* Given material
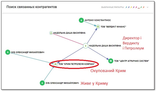 На схемі: зв’язки директора Вердикт-фінанс (за відкритими джерелами аналітичної системи YouControl)
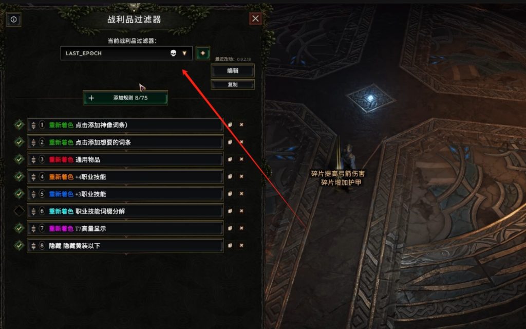 以下是《最后纪元》(Last Epoch)中导入和使用战利品过滤器的详细教程,适用于希望优化掉落物品显示、提升刷图效率的玩家。
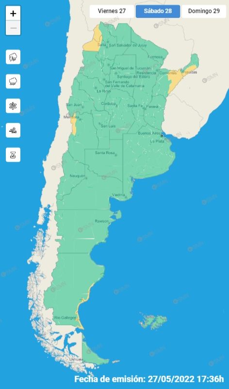 "Parcialmente nublado con descenso de la temperatura, vientos leves del noreste", informa por su parte la Dirección de Agricultura y Contingencias Climáticas (DACC).
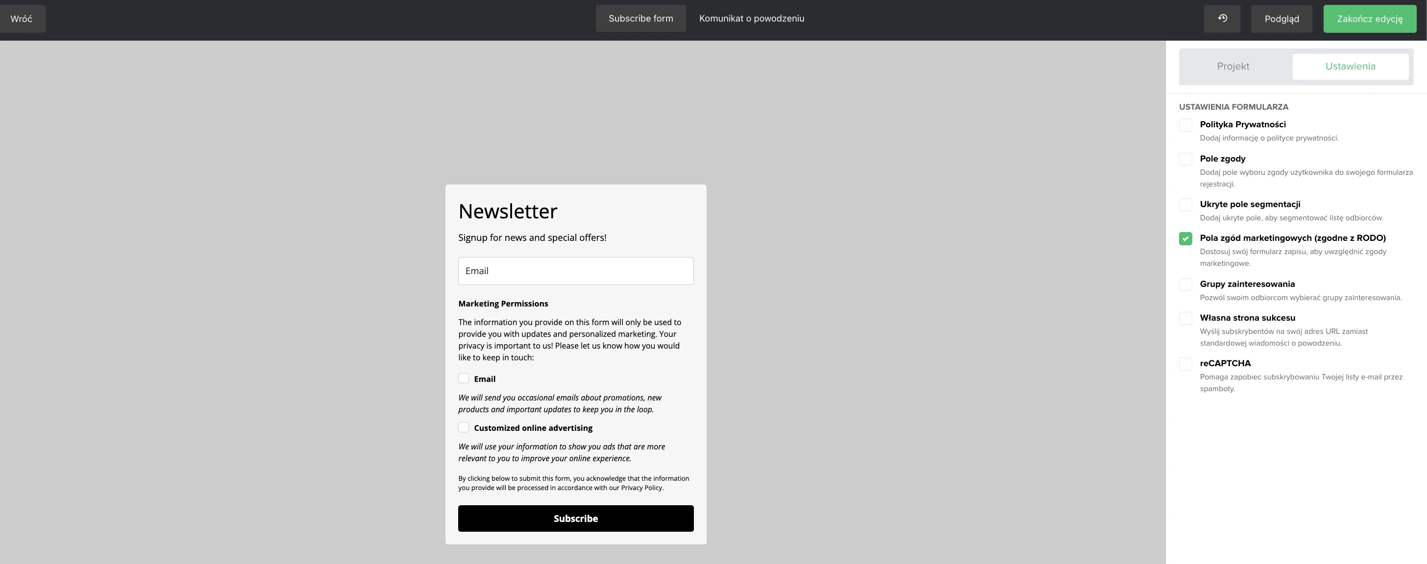 Możesz dodać wiele pól wyboru, segmentować subskrybentów za pomocą ukrytych pól, wstawiać uprawnienia RODO oraz wysyłać użytkowników na podstronę z potwierdzeniem zapisu.

* Task item
Every line in the data above needs to be given again exactly, pictures aside.

* Exercise answer
 На схемі: зв’язки директора Вердикт-фінанс (за відкритими джерелами аналітичної системи YouControl)
 以下是《最后纪元》(Last Epoch)中导入和使用战利品过滤器的详细教程,适用于希望优化掉落物品显示、提升刷图效率的玩家。
 "Parcialmente nublado con descenso de la temperatura, vientos leves del noreste", informa por su parte la Dirección de Agricultura y Contingencias Climáticas (DACC).
 Możesz dodać wiele pól wyboru, segmentować subskrybentów za pomocą ukrytych pól, wstawiać uprawnienia RODO oraz wysyłać użytkowników na podstronę z potwierdzeniem zapisu.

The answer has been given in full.